## Data extracted from a collection
==============================
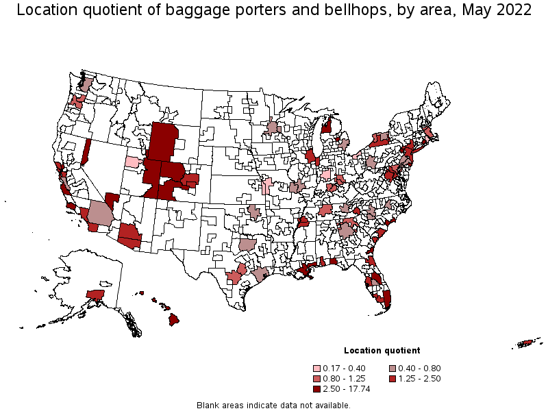 States and areas with the highest published employment, location quotients, and wages for Baggage Porters and Bellhops are provided. For a list of all areas with employment in Baggage Porters and Bellhops, see the Create Customized Tables function.
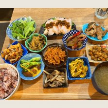 10種類以上のデリから選んだ3種は、ひよこ豆と旬野菜のスパイス炒め、アサリとキャベツのハーブ和え、ソイササミとブロッコリーとジャガイモの何か😅それにサラダ、雑穀米、スープが付く。デリには肉料理もあるから、男性でも満足できそう。既に2周年だそうで、こんな良い店もっと早く気づきたかったよ。
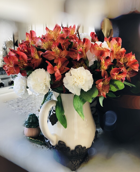The fresh flowers that are always on my counter these days (and will be until I take my last breath) may no longer be sent by him directly – but trust me when I tell you – they are, indeed, BECAUSE of him! He made damn good and sure that I knew I was priceless, valuable, and WORTHY of all the best and most beautiful things in this world every single day. The never-ending array of fresh flowers in this house for me (and sometimes even Gia) was just one of the ways he accomplished that. So, when I tell you that he made me a queen and QUEEN I shall be all the days of my life, “all the flowers” are just one of the many reasons why!
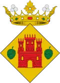 «De gules, un perro pasante de oro acompañado al jefe de un cardo de 3 flores de oro. Por timbre una corona mural de villa.» Aprobado el 15 de noviembre de 1991.[41] El perro, es el señal parlante tradicional que hace referencia al nombre de la población. El cardo de oro sobre camper de gules proviene de las armas parlantes de los condes de Cardona, señores de la villa. |
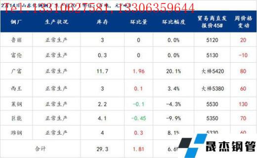 2月14日山东优特无缝厚壁钢管厂家棒材总库存29.3万吨,环比增加1.81万吨,增幅6.58%,较去年春节后第二周库存增加4.1万吨。
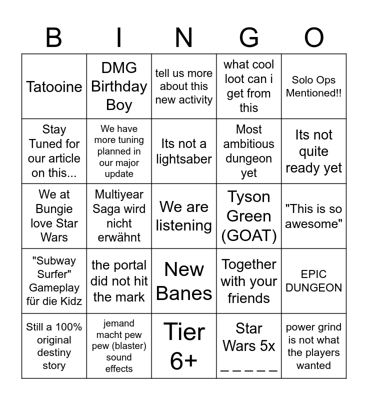 This bingo card has a free space and 24 words: the portal did not hit the mark, jemand macht pew pew (blaster) sound effects, Its not a lightsaber, Still a 100% original destiny story, Solo Ops Mentioned!!, Tatooine, Stay Tuned for our article on this..., DMG Birthday Boy, Tyson Green (GOAT), New Banes, Most ambitious dungeon yet, We at Bungie love Star Wars, Together with your friends, EPIC DUNGEON, We have more tuning planned in our major update, Star Wars 5x _ _ _ _ _, "This is so awesome", tell us more about this new activity, Its not quite ready yet, Multiyear Saga wird nicht erwähnt, power grind is not what the players wanted, "Subway Surfer" Gameplay für die Kidz, what cool loot can i get from this and Tier 6+.
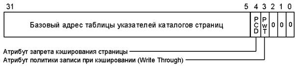 | PCD (Page Cache Disable) *) | Этот атрибут запрещает кэширование памяти для обслуживаемых страниц или таблиц. (Атрибут действителен, начиная с процессоров i486). | |
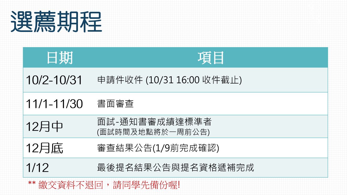 3. 書審通過之申請者,面試時間將另行通知,請務必確認所提供之信箱資訊正確。
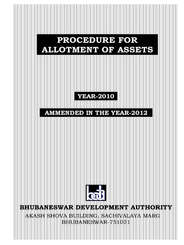 BHUBANESWAR751001PROCEDURE FOR ALLOTMENT OF ASSETCONTENTS
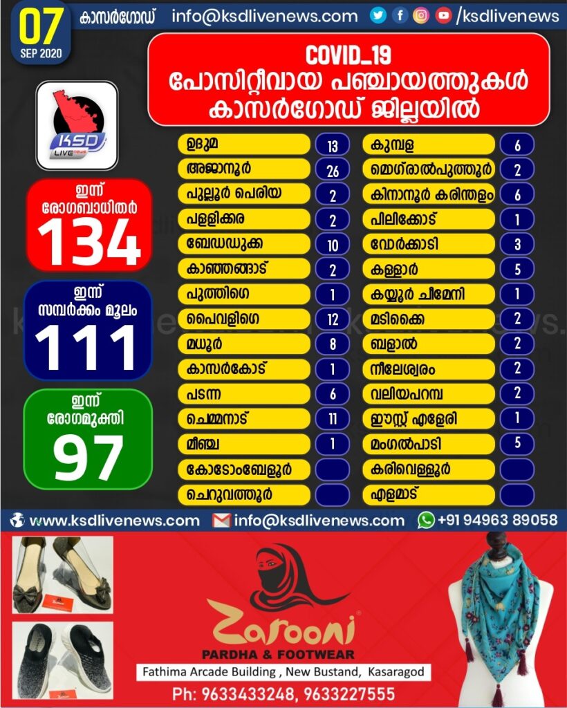 കാസർഗോഡ് ജില്ലയിൽ ഇന്ന് കോവിഡ് പോസിറ്റീവായവരുടെ പഞ്ചായത്ത് തിരിച്ചുള്ള സ്ഥിതി വിവര കണക്ക്
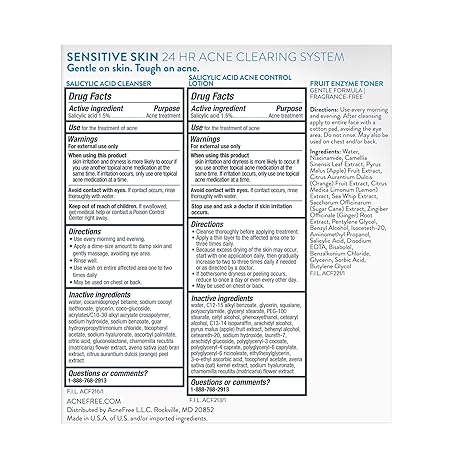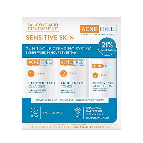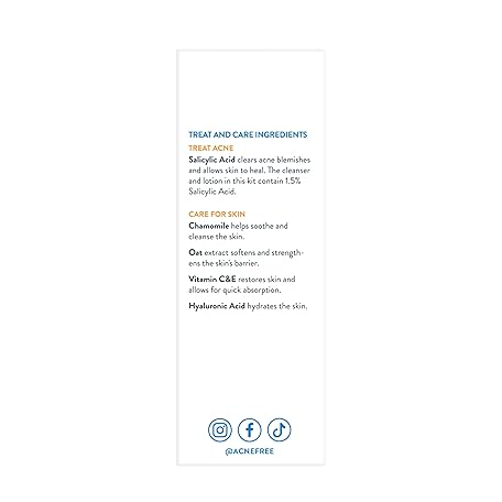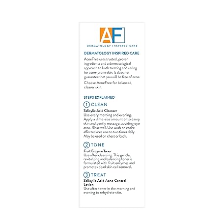 Thông tin sản phẩm AcneFree 3 Step Acne Treatment Kit Salicylic Acid Acne Face Wash and Alcohol Free Toner with Benzoyl Peroxide Lotion, Anti Acne Solution for Teenagers and Adults for Sensitive Skin, 3 Piece Set, Tea Tree
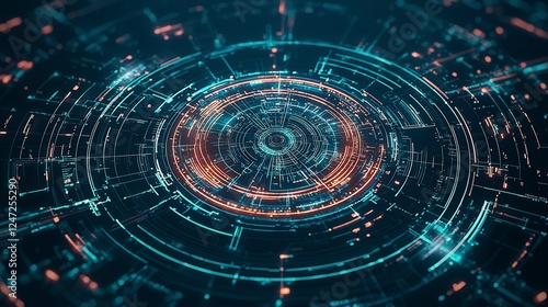 Abstract digital design featuring glowing circular patterns and interconnected lines, evoking a futuristic technology theme.
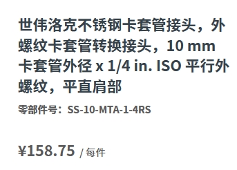 警告: 请勿将Swagelok产品或不符合工业设计标准的元件(包括Swagelok卡套管接头端接)与其他制造商的产品或元件混用/互换。
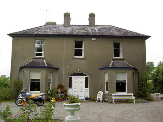 Detached three-bay two-storey house, built c. 1930, with canted end bay windows to ground floor, two-bay two-storey return and lean-to extension with projecting chimneystack to rear. Hipped slate roof with ridge tiles, overhanging eaves, rendered chimneystacks and some uPVC, some cast-iron rainwater goods. Hipped slate roofs with ridge tiles to canted-bay windows. Ruled-and-lined rendered walls. Square-headed window openings with timber sliding sash one-over-one pane windows and rendered sills. Some replacement uPVC windows to rear and gable elevations. Segmental-headed door opening with render surround, double-leaf timber panelled doors having plain fanlight and flanking sidelights. Boundary walls comprising painted rendered balustrades with painted rendered plinth and coping, having painted rendered entrance piers to site.
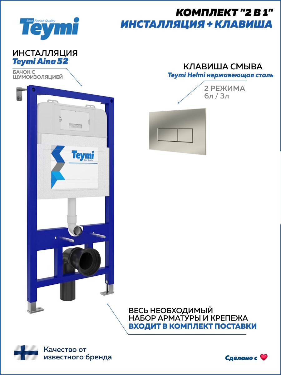 Купить Инсталляция для унитаза подвесного Teymi Aina 52 в комплекте с кнопкой из нержавеющей стали F13237 с доставкой по всей России.
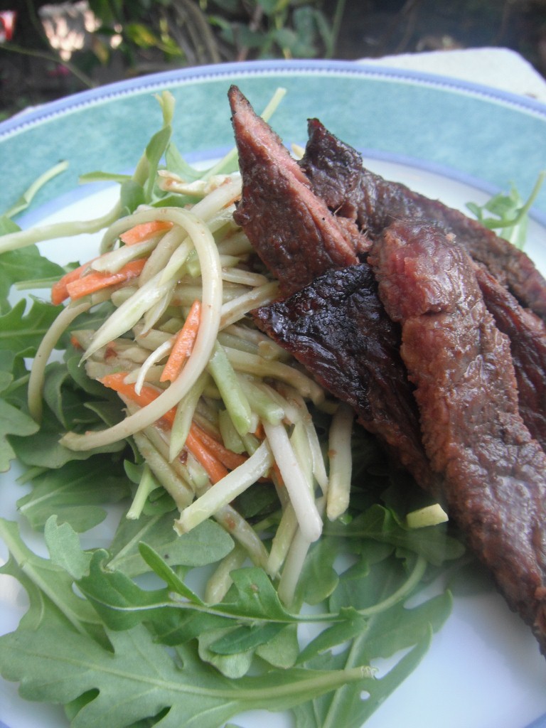 Grill the ribs on high heat, 2 minutes per side approximately, then let the meat rest while you make the salad. The beef came out tender, with a light sweetness from the marinade and, most importantly, not overly salty. So often commercial rubs and marinates are loaded with salt, but these came out nicely balanced.
==============================
## Task item
Exact copy, no pictures. Write out the lines in the entries above, starting with the line with "Thông tin sản" and going on through the line with "Abstract digital design", keeping both.

## Finished exercise
 Thông tin sản phẩm AcneFree 3 Step Acne Treatment Kit Salicylic Acid Acne Face Wash and Alcohol Free Toner with Benzoyl Peroxide Lotion, Anti Acne Solution for Teenagers and Adults for Sensitive Skin, 3 Piece Set, Tea Tree
 Abstract digital design featuring glowing circular patterns and interconnected lines, evoking a futuristic technology theme.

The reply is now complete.